遠處的街舞音樂進入高潮,鼓點密集如雨,震得兩人腳下的台階微微顫抖。沈汐看著杜汐那雙充滿野心與惶恐的眼睛,她知道這就是攤牌的極限。這不僅是兩個人在算計一套房,而是兩個在城市夾縫中求生的靈魂,在烈日與暴雨交替的混沌正午,將彼此的貪婪與軟肋撕扯開來,晾曬在潮濕的空氣中,等待著對方或是妥協,或是崩潰。

夜深了,梅雨季的悶熱像是給這座城市蓋了一層厚厚的濕棉被。小紅書上標註著「夢情老洋房」的網紅打卡點,此時空無一人,只有一盞為了營造復古氛圍而刻意留下的昏黃壁燈,在潮濕的牆皮上投射出曖昧又猙獰的影子。沈汐與杜汐站在那支孤零零的鋁合金手機支架旁,支架頂端的補光燈還亮著,慘白的光圈直挺挺地打在兩人臉上,將彼此臉上的毛孔與算計照得一清二楚。

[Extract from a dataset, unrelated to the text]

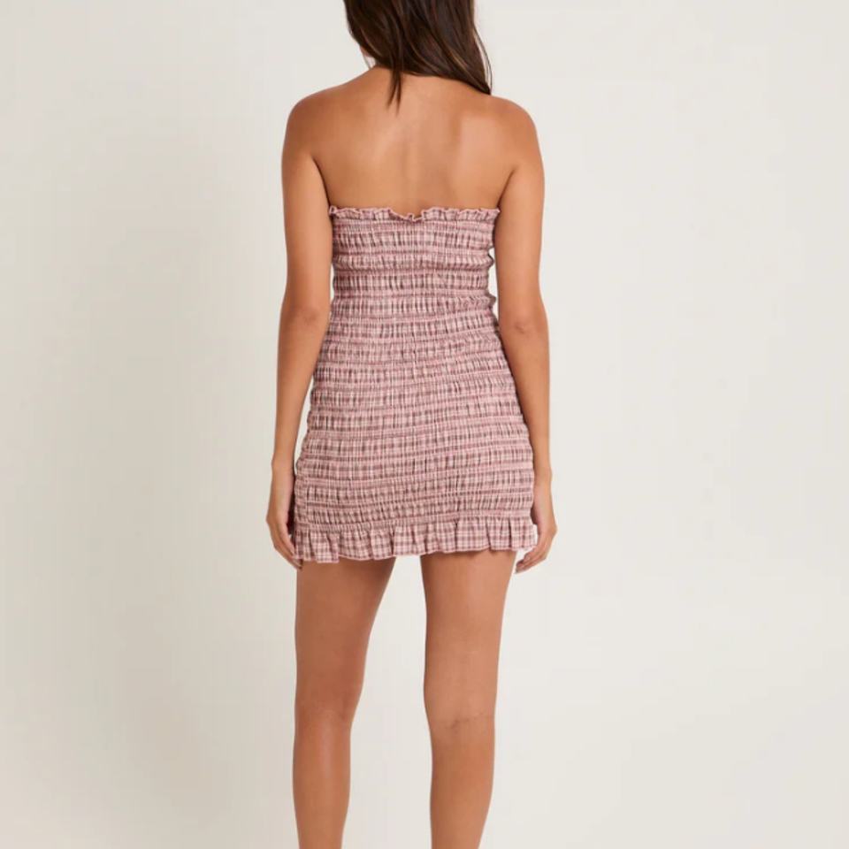 เดรสลายสก็อตผูกโบว์สไตล์คันทรี่ แบรนด์ใหม่สำหรับฤดูร้อน ดีไซน์หวานซ่อนเปรี้ยว ผ้าฝ้าย สายเดี่ยว ทรงมินิเดรสสำหรับงานปาร์ตี้
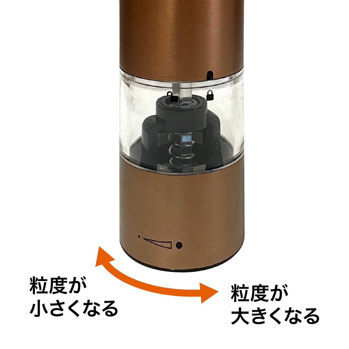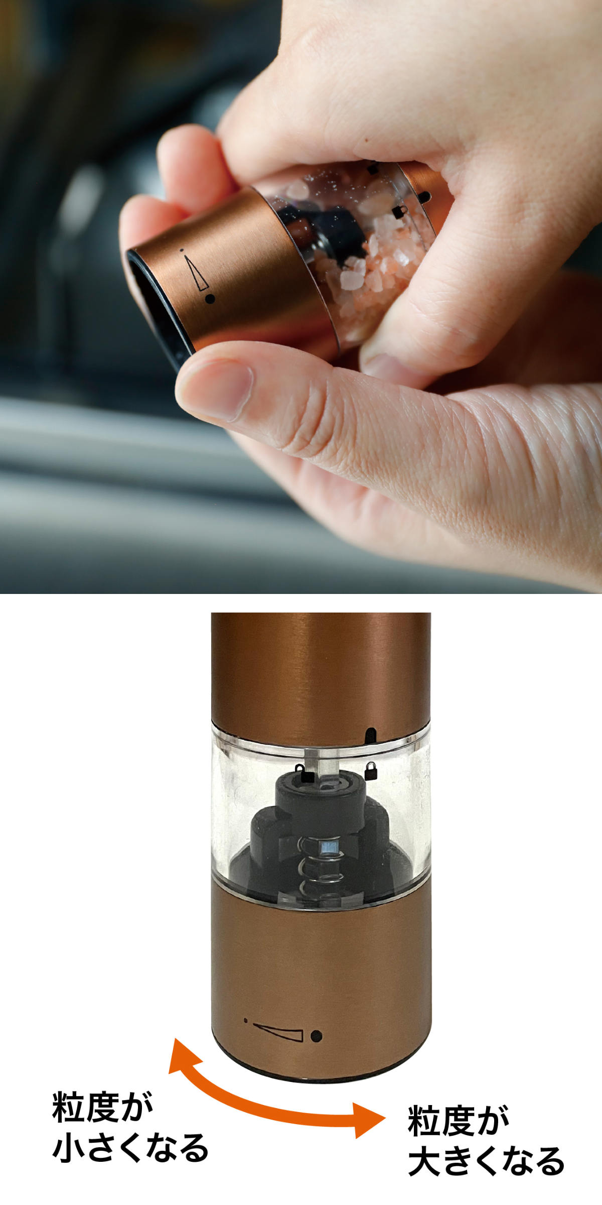 スパイスはお好みの粗さに無段階調節が可能です。キャビンを押さえて、「粒度調節ガイド」の方向に先端をひねるだけの簡単調節です。

「拍啊,怎麼不拍了?」沈汐冷笑著,伸手撥弄了一下補光燈的旋鈕,光線忽明忽暗,映得杜汐的表情一陣扭曲,「你這架子架得這麼精準,是想把咱們剛才在台階上談的那些髒事,全都錄進去,好留著以後去薛房東那兒邀功,還是想作為證據,去跟嚴下屬換那幾個優先購買權的指標?」

杜汐死死盯著那個支架,指關節因為用力而泛白。她猛地向前一步,將那台價值不菲的支架撞得搖搖欲墜,裡面的手機螢幕還亮著,顯示著未保存的草稿界面。「沈汐,你少跟我裝清高。你那點心思,跟我這台破手機有什麼區別?都是為了流量,只不過你的流量是那套拆遷房,我的流量是這點可憐的剩餘價值。你以為嚴下屬真的會幫你?他那邊早就收了陸常客的紅包,你以為為什麼曹楊村的指標遲遲不給你批?因為你早就成了這場牌局裡的棄子,而我,就是那個負責把你踢出去的劊子手。」

「劊子手?」沈汐像是聽到了什麼笑話,她上前一步,幾乎貼在了杜汐的鼻尖上,空氣裡瀰漫著兩人身上混合著香水與潮濕霉氣的味道,「你看看這面牆,這些所謂的『打卡位』,哪一塊磚不是為了騙那些沒見過世面的外地人準備的?你覺得你是劊子手,可你不過是這座老洋房裡的一具乾屍,被這濕氣醃透了,連血都是餿的。你想攤牌?好啊,現在就攤。」

沈汐猛地拉開手提包,將那份揉得皺巴巴的產權協議直接甩在手機支架的底座上,紙張邊緣甚至蹭到了手機的錄影按鈕。「這上面,我有三成的隱形債務,你要是敢簽,這房子明天就歸你。但你記住,債務連帶責任一旦生效,陸常客那邊的討債人第一個敲的門,就是你現在住的那間出租屋。你不是要籌碼嗎?這就是你想要的籌碼,要不要拿去換你那點卑微的安穩,你自己選。」

杜汐看著那份協議,又看了看補光燈下沈汐那張冷酷到極致的臉。窗外,暴雨再次毫無徵兆地傾盆而下,雨水順著老洋房破損的窗櫺流進來,滴在手機支架的底座上,發出「滴答、滴答」的聲響,像是倒計時的鐘聲。這場博弈到了最後,已經不是誰贏誰輸的問題,而是兩個人都困在這間發霉的屋子裡,用彼此的未來當賭注,在這場永遠不會天晴的梅雨季中,將人性一點點磨損殆盡。杜汐的手指懸在協議上方,顫抖著,卻始終沒敢落下,而沈汐只是冷冷地看著,像是在看一場註定沒有結局的戲。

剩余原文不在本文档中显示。